The pictures found in the portfolio here--"Nature's 'Invisible' Abstracts"--begin with my macro photos of metal. Then, I work on the photos with art software.
I have come to believe that the impact of contemporary digital art is somewhat akin to what the early Impressionists were trying to achieve in the 1870s. I am not an Impressionist even though I use a digital impressionist brush. I have liked the Impressionist style for decades because of the greater sense of real life they tried to represent in their paintings; the methods they used which dealt with light, color, form and motion; and their contextualization of nature.
In my art, I cross bounds in many different ways than those with which early Impressionists approached theirs. I strive to bring some sense of "real life" as I capture images in my macro photos. However, I don't look at "real images" in nature for this portfolio. Rather, I have found that nature often reveals it's "invisible" abstract art through the macro photographs of metal and other natural resources that I capture with my camera. I select those which have the potential to illustrate landscapes, seascapes, setting moons, rising suns, etc. and transform these via computer software.

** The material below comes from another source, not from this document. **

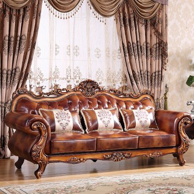 欧式沙发组合 客厅 整装头层牛皮简欧实木小户型美式真皮沙发
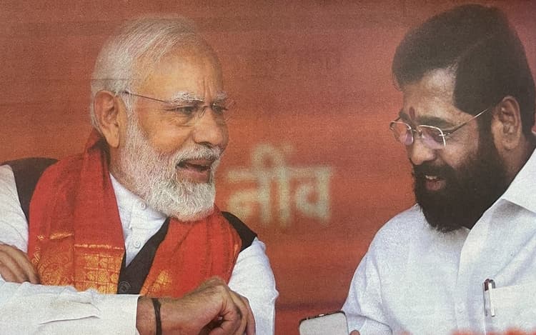 महाराष्ट्र में एक विज्ञापन को लेकर राजनीति तेज हो गयी है. दरअसल मुख्यमंत्री एकनाथ शिंदे के नेतृत्व वाली शिवसेना ने मंगलवार को विभिन्न अखबारों में पूरे पन्ने का विज्ञापन जारी किया जिसका शीर्षक था, राष्ट्र में मोदी, महाराष्ट्र में शिंदे सरकार. विज्ञापन में ऊपर शिवसेना का चुनाव चिह्न ‘तीर-कमान’ है. इसमें प्रधानमंत्री नरेंद्र मोदी और मुख्यमंत्री शिंदे की तस्वीर हैं. गौर करने वाली बात यह है कि इस विज्ञापन में शिवसेना संस्थापक दिवंगत बालासाहेब ठाकरे की कोई तस्वीर नहीं है जबकि पहले शिवसेना के हर इश्तहार में ठाकरे का चित्र प्रमुखता से होता था. अब इसी बात को लेकर एनसीपी नेता अजित पवार ने हमला किया है.

I work to change the realism of a photo to a "feeling" of an image or scene with digital brush strokes. I don't try to represent the exact colors of nature. I strive to express different impressions and sense experiences of nature through my selection of different colors. Whenever possible, I try to compose pictures in a way such that it pushes the viewer to see things from a different angle, f.i. as if one feels like they are looking upward as trees reach upward to the sky. My work with digital painting essentially explores ways to best represent motion, color, lines, shadows, dimensionality and light.